Recent grants lean toward the upgrade of cameras over all other security infrastructures. The main reason for this is that cameras can easily be networked to governmental agencies, creating a “one-stop” shop for surveillance. This is a highly prized resource; therefore, funding is easier to get.

Institutional locksmiths sometimes wonder why the request to upgrade locks is turned down. These locksmiths are aware of the number of keys reported lost, misplaced, stolen or duplicated without permission. An upgrade that would involve the replacement of existing lock cylinders with high-security equivalents would directly enhance physical security.

Even in an environment where management is willing to fund security projects, getting upgrades to locks and keys is next to impossible. Unless spurred by tragedy or serious compromise, upgrades to locks and keys are not generally recognized as the best means to use precious funds. It is also difficult to gage the effect a lock upgrade would have to the overall status of security.

When a lock and key upgrade is installed, experienced managers know to expect an immediate improvement which will (slowly at first) decline over time. By the nature of mechanical keying systems, important keys are routinely misplaced, lost, stolen, copied, or given to the wrong persons. At no time during the service life will the upgrade be more secure that when it is first installed.

High-security keying systems strictly rely on patent-protection to keep keys from being duplicated or master keys from being reverse-engineered. Patents are usually in effect well before a customer invests into the high-security system so the all the customer can hope for is about a dozen years before the system becomes ineffective.


There is a product that overcomes the inherent weaknesses in conventional keying systems by replacing the existing mechanical lock cylinder (inside the lock) with an electronic equivalent. Once converted, the new system has all the advantages of a key system, yet will outperform electronic access control systems.

The administration of CyberLocks® and CyberKeys® is similar (by design) to mechanical locks and keys. Therefore, the locksmith is the likely candidate to maintain the system.

CyberLocks® are electronic lock cylinders that easily replace the lock cylinders found in mechanical locks for doors, cabinets, drawers, padlocks, safes and more. Once replaced, the lock is only accessible by a CyberKey.

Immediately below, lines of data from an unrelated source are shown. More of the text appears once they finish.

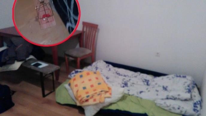 Smešten je u sobu u kojoj je bio samo jedan dušek, koji je morao da deli sa još jednom osobom. U sobi je bilo i drugih "podstanara", jer su po ćoškovima postavljene mišolovke. Okolo su bile i neke posude sa štrokavom vodom.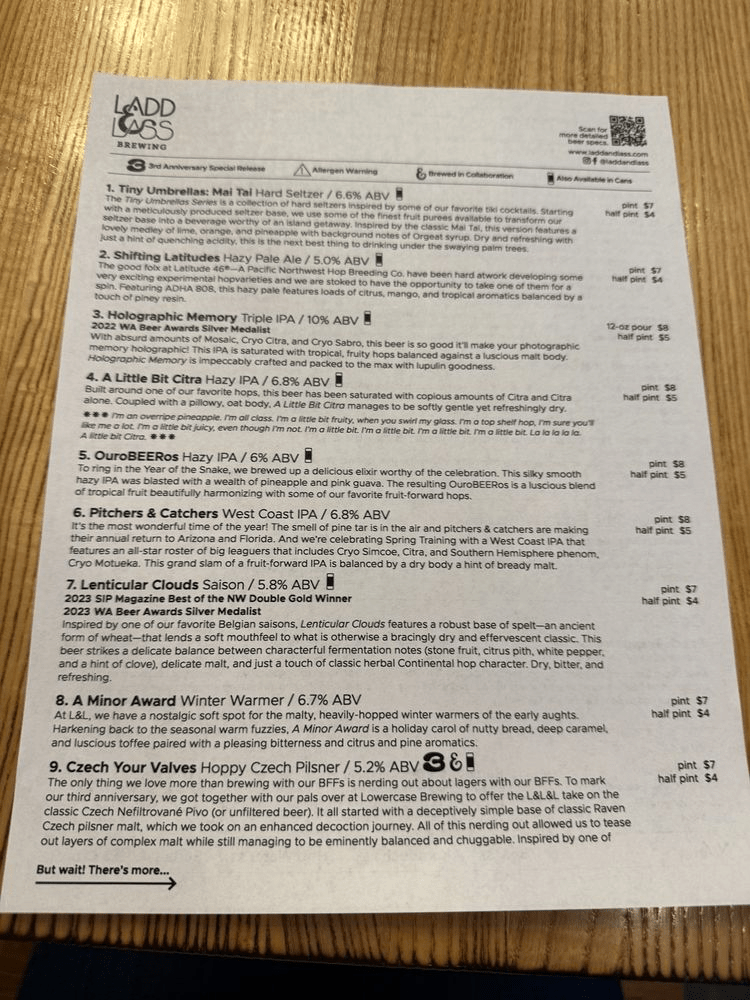 The outside of The (former) SandPiper Tavern, now called ‘Ladd & Lass Brewing.’ I took most of these pictures in April 2024 when I went to Seattle for the second time, and this time around I was able to go in and have (half) of a beer, as I am not a big drinker but at the same time wanted to be able to say I had a drink here.The entrance of Ladd & Lass Brewing, photo taken in April 2024.A picture taken the first time I went to Seattle, looking from the outside in, taken in April 2022.Another picture taken the first time I went to Seattle, looking from the outside in, taken in April 2022.The brew room at Ladd & Lass Brewing, photo taken in April 2024.A shot of the front part of Ladd & Lass Brewing, photo taken in April 2024.Another shot of the front part of Ladd & Lass Brewing, photo taken in April 2024.Another part of the brewery room at Ladd & Lass Brewing, photo taken in April 2024.The back part of Ladd & Lass Brewing. Photo taken in April 2024.A close up of the side wall at Ladd & Lass Brewing. Photo taken in April 2024.The back part of Ladd & Lass Brewing, by the bathrooms. Photo taken in April 2024.The front part of the bar, photo courtesy of Yelp and was uploaded by the user ‘Nick L.’A picture of a wall of the brewery with the beers on the wall at Ladd & Lass Brewing, taken from Yelp and posted by user ‘Jessica Z.’A picture of the tasing menu from Ladd & Lass Brewing, taken from Yelp and posted by user ‘Erica W’ on March 29. 2025.A picture of the beer cooler, where customers can take beverages with them when they go. Picture taken from Yelp and posted by user ‘Marcus S.’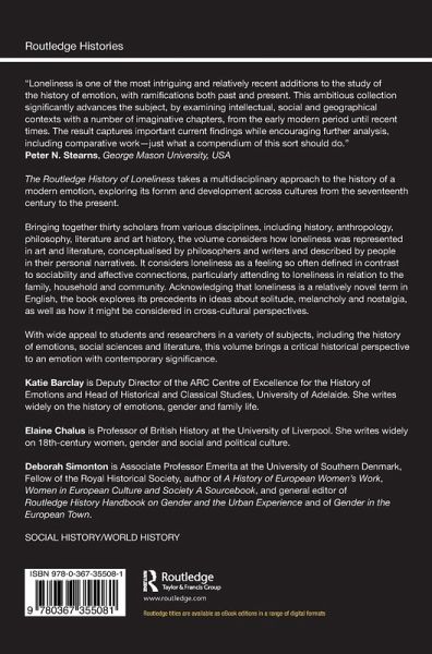 The Routledge History of Loneliness takes a multidisciplinary approach to the history of a modern emotion, exploring its form and development across cultures from the seventeenth century to the present.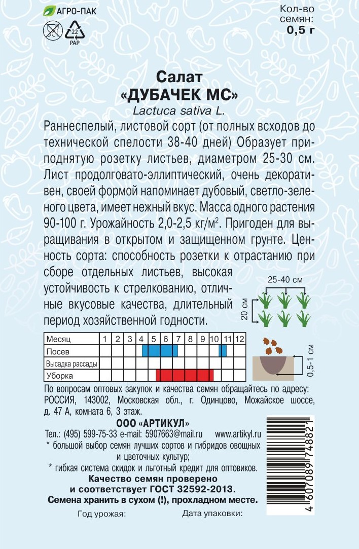 Листовой раннеспелый сорт (40-50 дней от всходов). Листья декоративные, резные, с нежным вкусом. Розетка диаметром 25-30 см. Посев: в начале мая семенами в грунт на глубину 1-1,5 см. Расстояние между растениями после прореживания 25-30 см. Выращивают в открытом и защищенном грунте. Уход: поливы под корень и подкормки азотно-фосфорными удобрениями. Сбор урожая: в течение всей вегетации. После срезки листьев розетка снова отрастает. Полукочанный и кочанный с волнистыми листьями, хрустящий.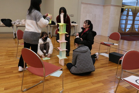 先ず、短期大学部新入生が集まって全体で「コミュニケーションゲーム」、「バースデイライン」や「ペーパータワー」で、新入生や学生スタッフがコミュニケーションを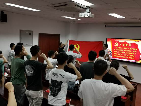 党员们穿着整齐、胸佩党徽,面带笑容来到理科南楼F304会议室。全体党员起立同唱《国际歌》,在党总支书记李俊龙的带领下,举起右手庄重严肃地重温入党誓词,追忆入党初心,牢记使命担当
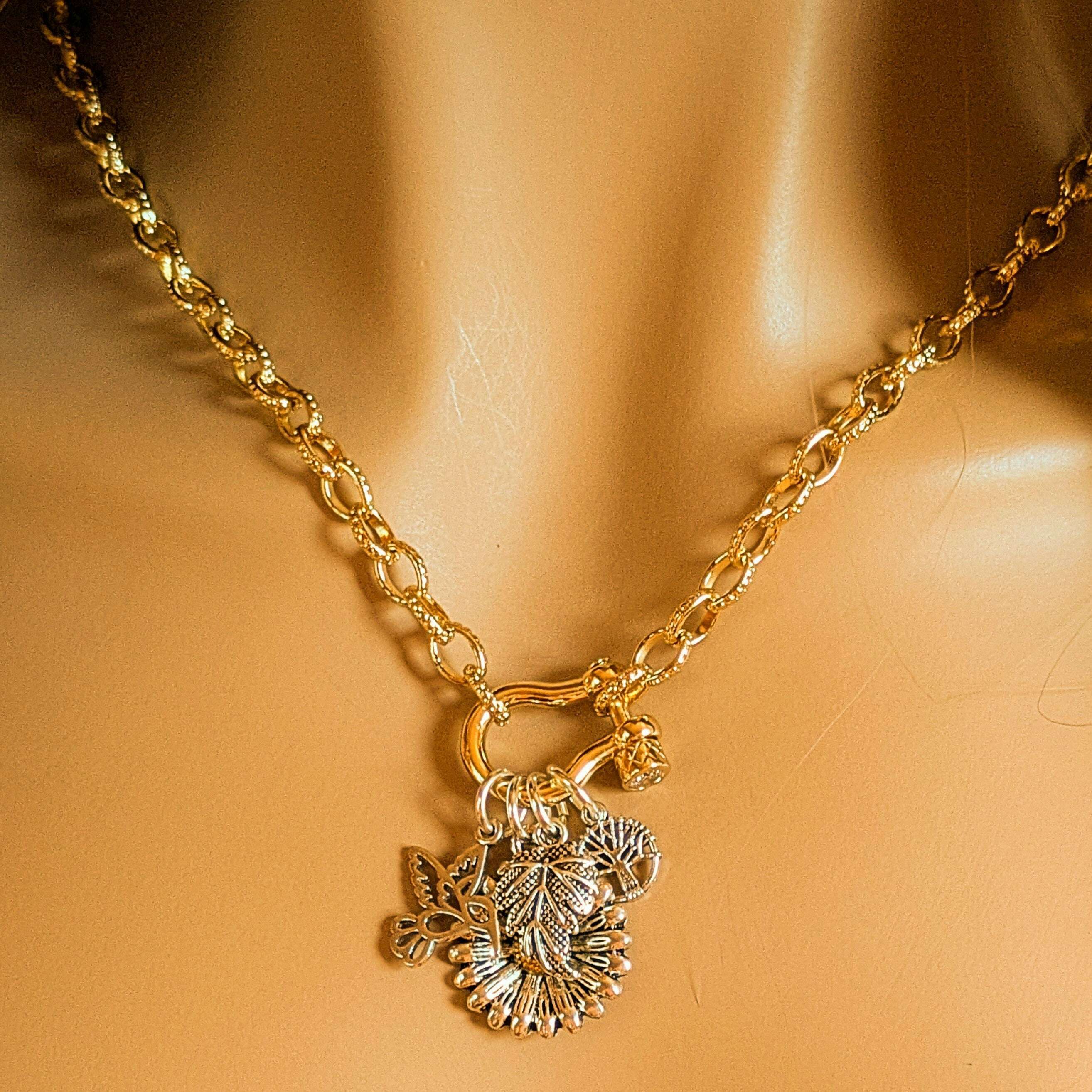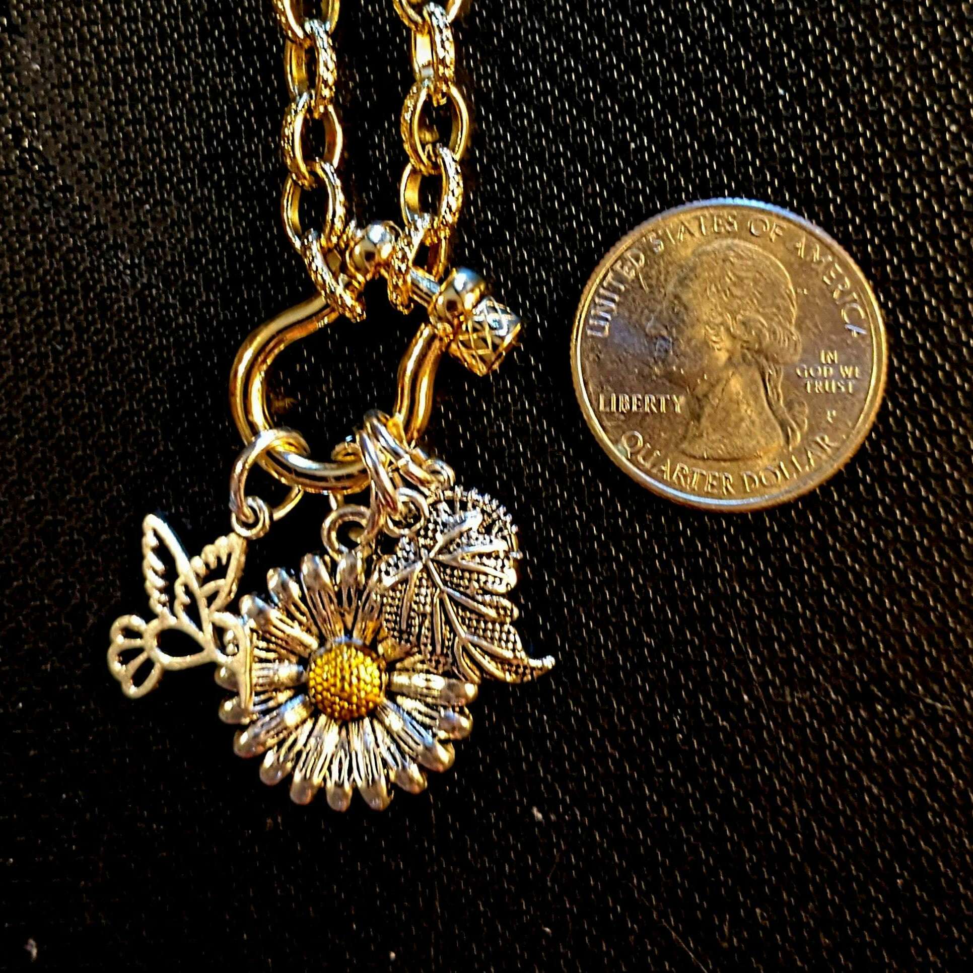 Two Tone Sunflower, Hummingbird Nature Carabiner Necklace, Gold - 20 inch

CyberKeys® cannot be duplicated like a key or cloned like a card. The information held in the key is encrypted and can only be read by the authorized source. CyberKeys® are programmed with access assignments and schedules.

Both CyberLocks® and CyberKeys® record who, what, when, and where with every contact. Even attempts to access locks where access is not granted is recorded and reported.

Once a CyberLock® is installed, it never has to be rekeyed in the field. This does not prevent an administrator from making a routine audit or downloading access history directly from the lock.

The CyberKey® Authorizer provides a way to communicate with keys over a wide area, while managing the system from a central computer. The Authorizer consists of two parts: the hub and the keyport. The Authorizer hub connects to the host computer either via Ethernet or via its built-in modem. In network installations, the hub and the database synchronize every few minutes. In modem installations, the hub receives instructions from the host computer on a regular basis, and stores these instructions in memory. The Authorizer hub connects to one or two keyports. Keyports can be installed wherever it is convenient for CyberKey® users, indoors or outdoors. Keyports consist of a CyberKey® connection, a numeric keypad, and a display. Each time a user inserts a key into the keyport and enters a PIN, the program information in the key is updated and the log of events is transferred to the computer via the hub.

Initially, Cyber products are more expensive to retrofit into existing locks when compared to a high security keying system retrofit but over time there is a break-even point. Figure 1 shows start-up expenses and ongoing expenses relating to day-to-day rekeys combined with periodic “whole-system” upgrades.

The ongoing expense to maintain high-security keying systems is attributed to labor. Lock cylinders are continually rekeyed as access to areas change. Rekeying requires visits to the location where the lock is and time-intensive bench work involving re-combination.

Expenses relating to CyberLocks® are less labor intensive and pertain to the initial retrofit of the lock cylinder.

Figure 2 shows how many times a “whole-system” change out should occur within a high-security keying system. Unfortunately the decision to rekey is often delayed even when it needs to be done. The cost to perform a change-out becomes an issue and a decision is made to leave the system in a continuing state of low integrity.

The performance level of CyberLocks® is also displayed in Figure 2. Unaccounted keys are not an issue and CyberLocks® do not rely on patent protection to maintain integrity. Even after patents expire, the product is inherently secure.

Once installed, the Cyber system has all the advantages of both an electronic access system and high-security keying system. These facts alone may not be enough to convince management to invest in a Cyber system.

Company time clocks or kiosks that normally allow employees to “clock-in” or “clock-out” can be replaced with Cyber Authorizers (and hubs). Employees clocking in-or-out can insert their CyberKey® into the Authorizer, and then enter a personal identification number.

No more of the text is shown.